なおこの間に
論文が一本公刊されております。Takehiro OHYA, "Twisted Diet: A Failure in Legislating Politics in Japan", Legisprudence: International Journal for the Study of Legislation, vol. 2, no. 3, Hart Publishing, 2008, pp. 253-269. 2008年の3号なんだけど出たのは4月らしい。一応査読誌だし、英語もほとんど直されなかったので「英語で論文を書く能力がある」と自称してももういいかなと思う今日この頃。留学経験なしでもここまで行けます。

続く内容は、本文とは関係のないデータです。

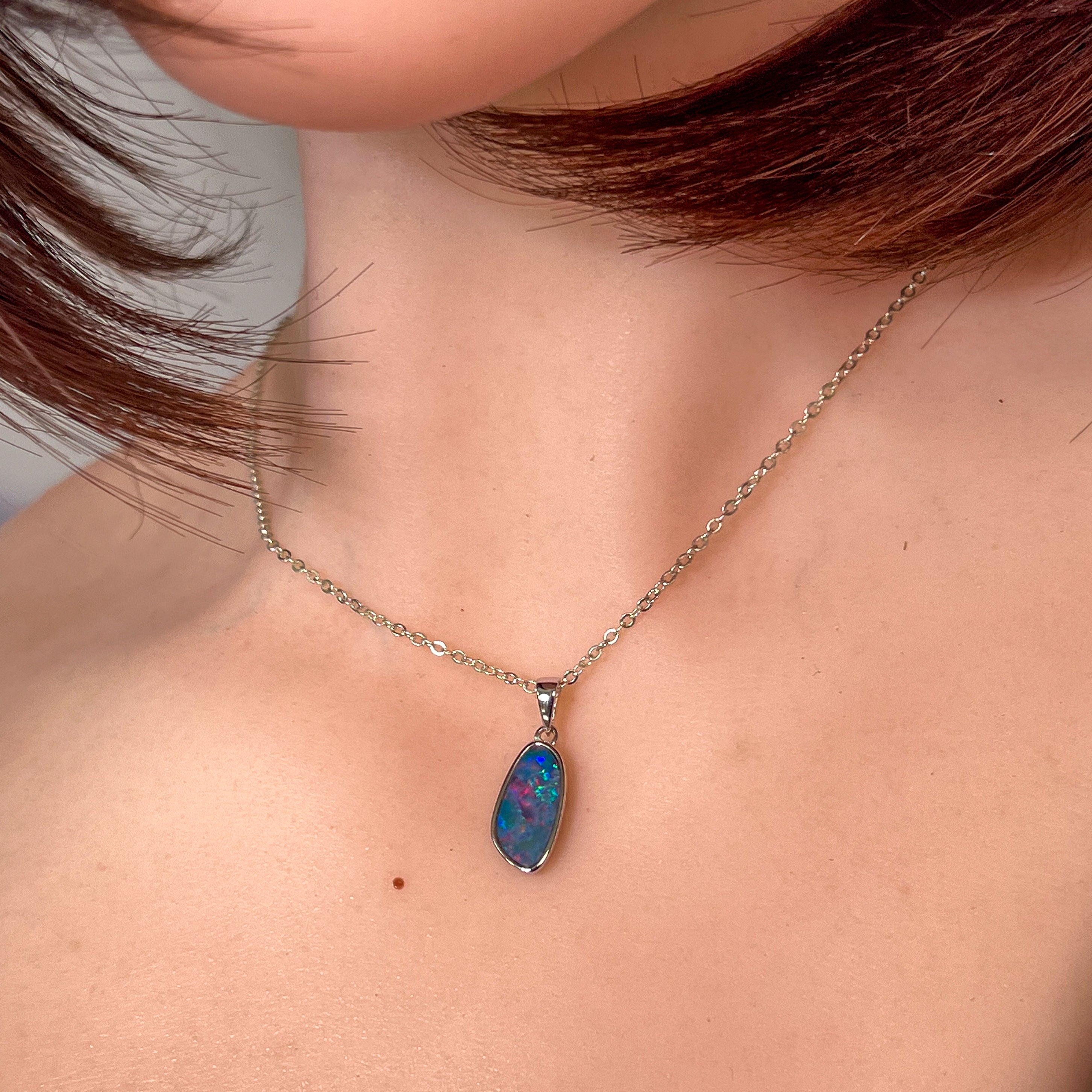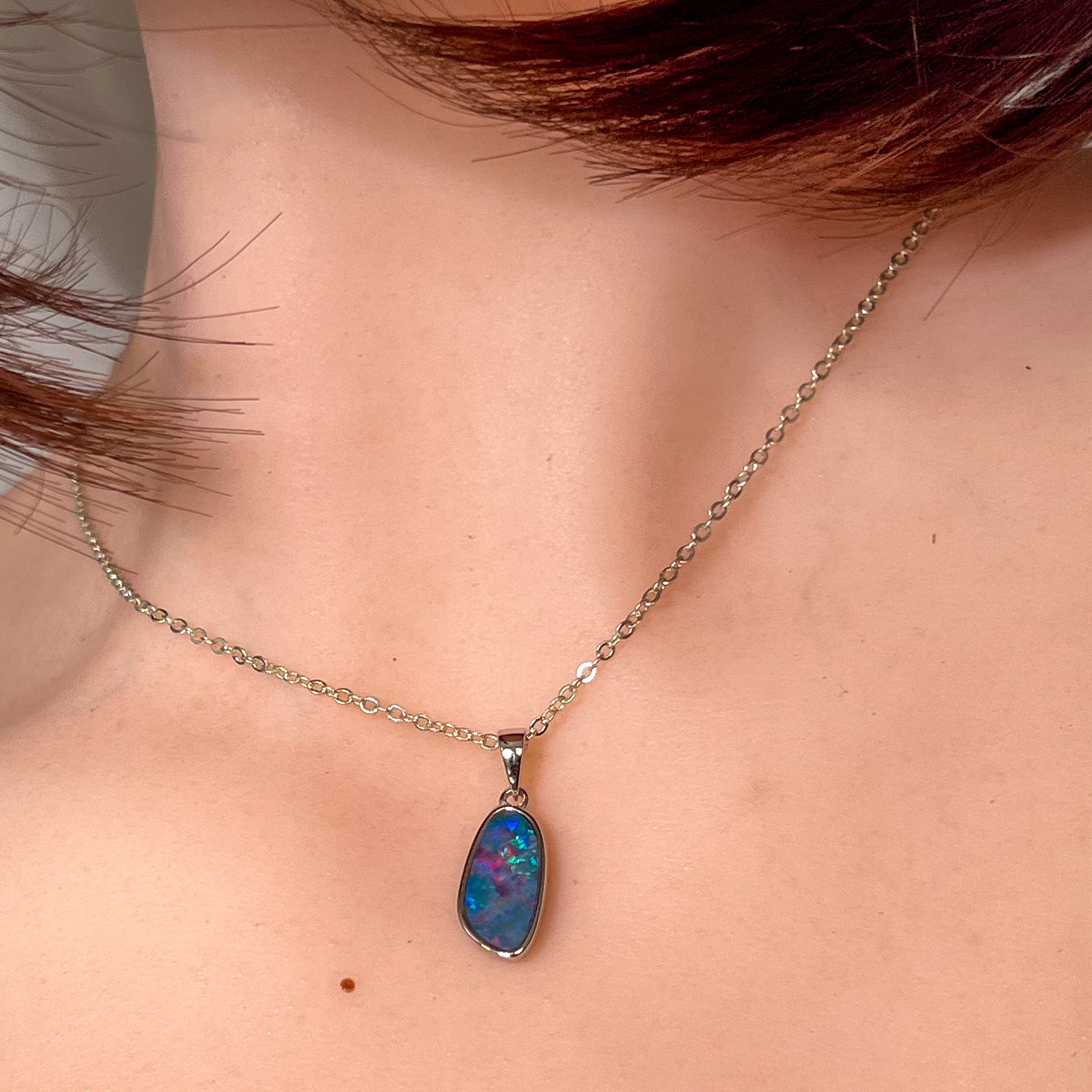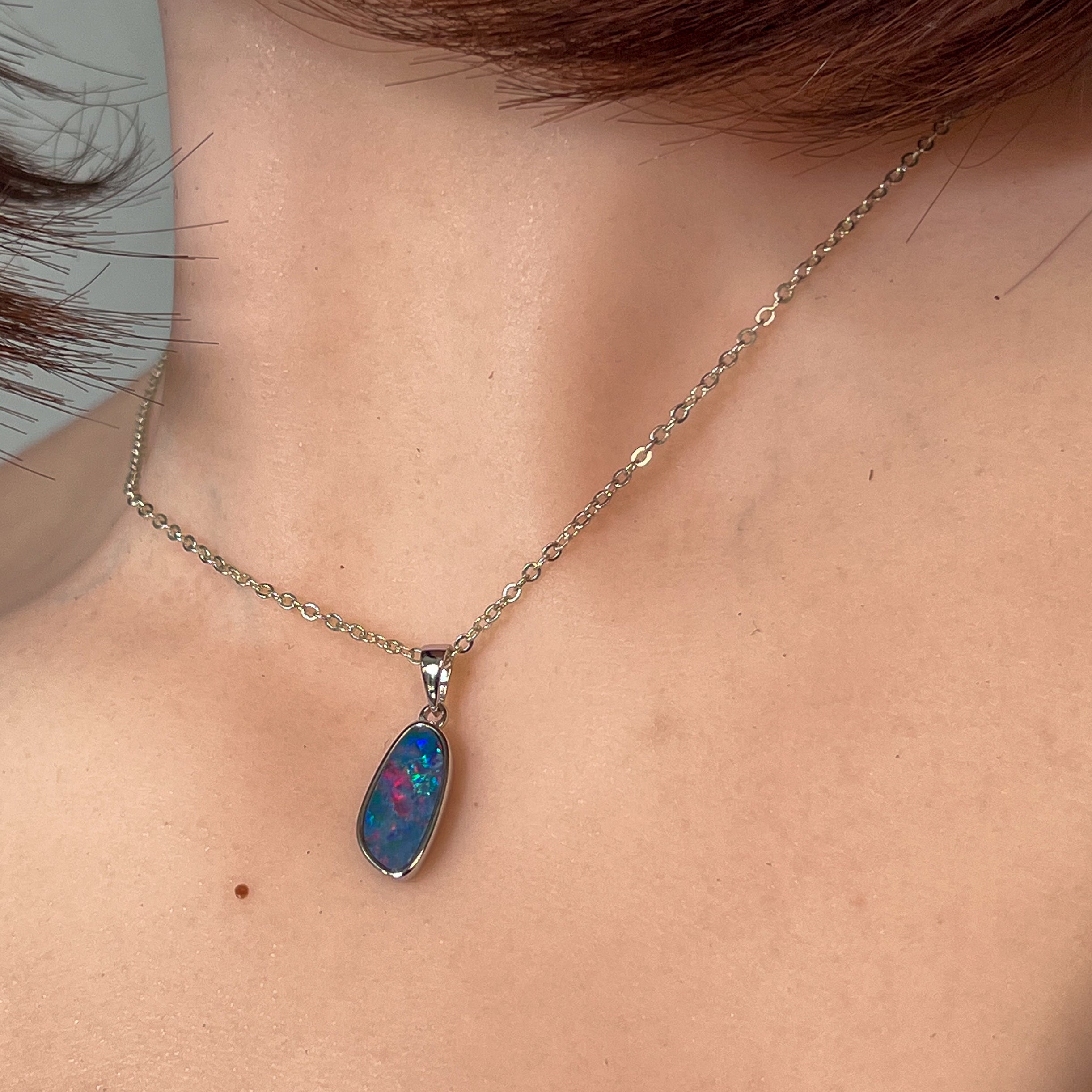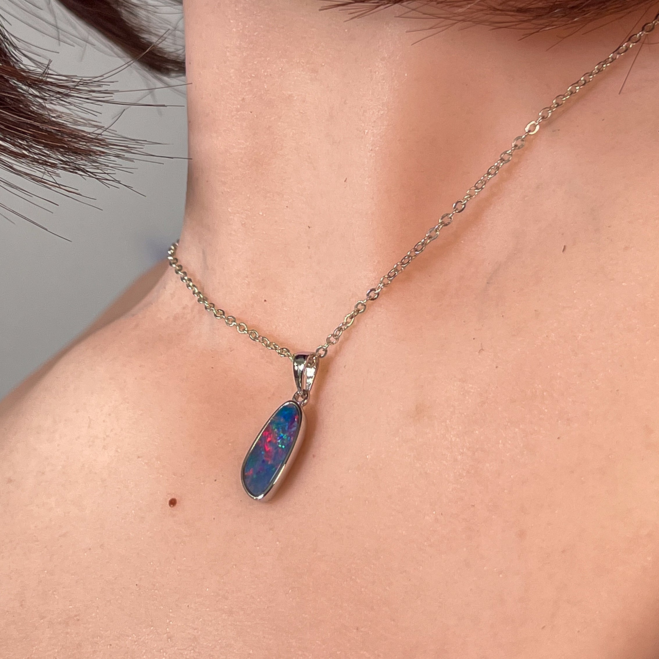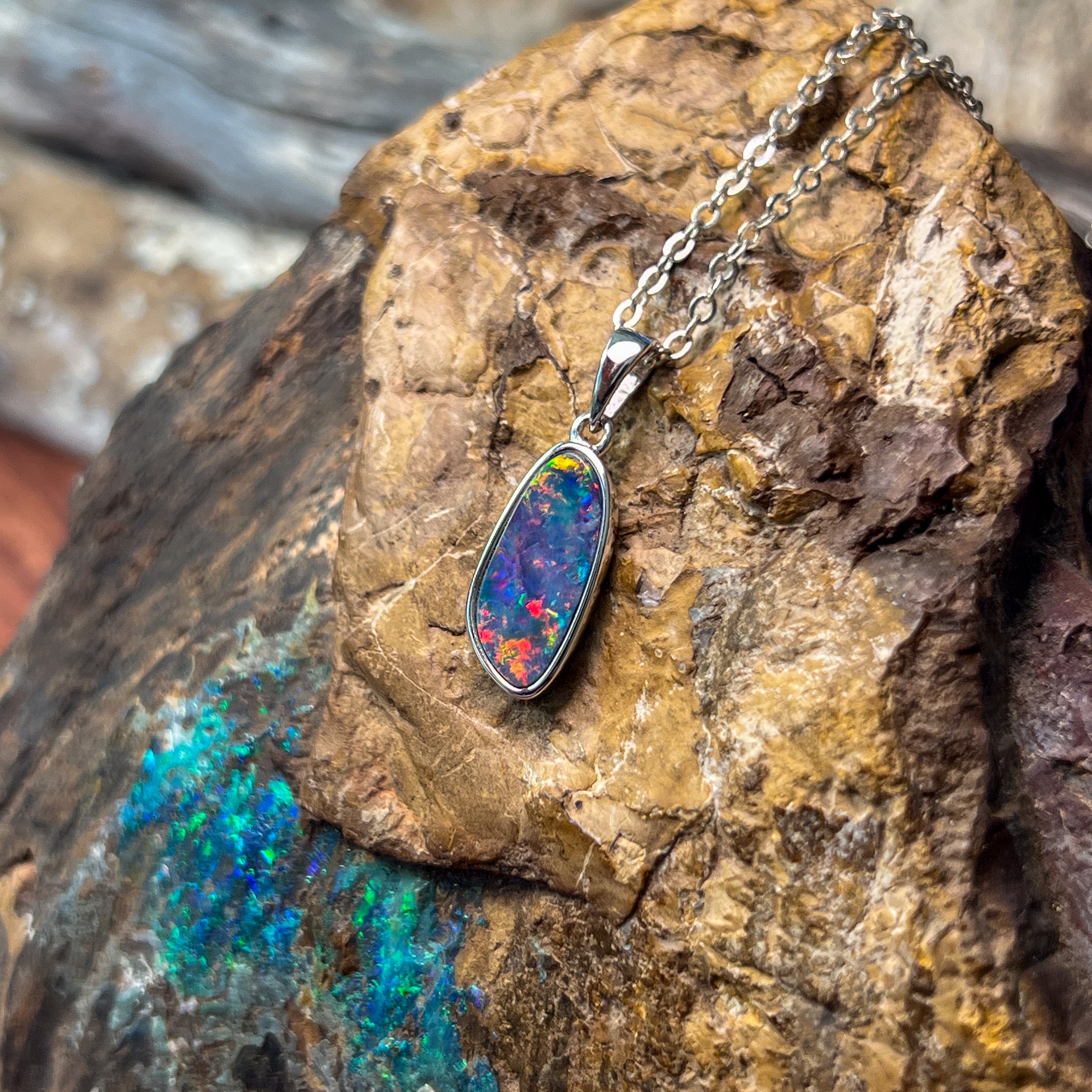 Elevate your collection with this sterling silver pendant featuring a bezel-set red and blue opal doublet. The vibrant play of colour in the opal creates a striking contrast, showcasing fiery reds and deep blues that catch the light beautifully. Expertly crafted, this pendant offers both durability and elegance, making it a refined choice for those who appreciate the unique allure of opal jewellery. Perfect for adding a sophisticated splash of colour to any outfit.

内容はまず現状の「ねじれ国会」で何が起きているかということと、そこでの行動が各行為主体にとっては基本的に合理的だということの指摘。つまり問題は、不合理な主体がいるから制度がうまくいかないというのは(もちろん予測が甘いという点を問題にし得るにせよ)そういう主体を排除したり制約したりするサブシステムを導入すれば解決するので制度自体はそう悪くないのに対し、みんなが合理的に行動したら破綻しましたというのはより根本的だろうと。それは結局「政治への立法」(この号のテーマはlegislating politicsだったのですよ)の失敗だろうと、そういう話です。海外の読者を基本的に想定して、日本政治の現状とか議会運営のルールとかその特徴とかの話をやや丁寧に書いているので、日本人の読者には面白くないと自分では思っています。まあ、最近やっている「立法学」関係への私なりの貢献のつもり。
次は日本語書かなきゃなあ。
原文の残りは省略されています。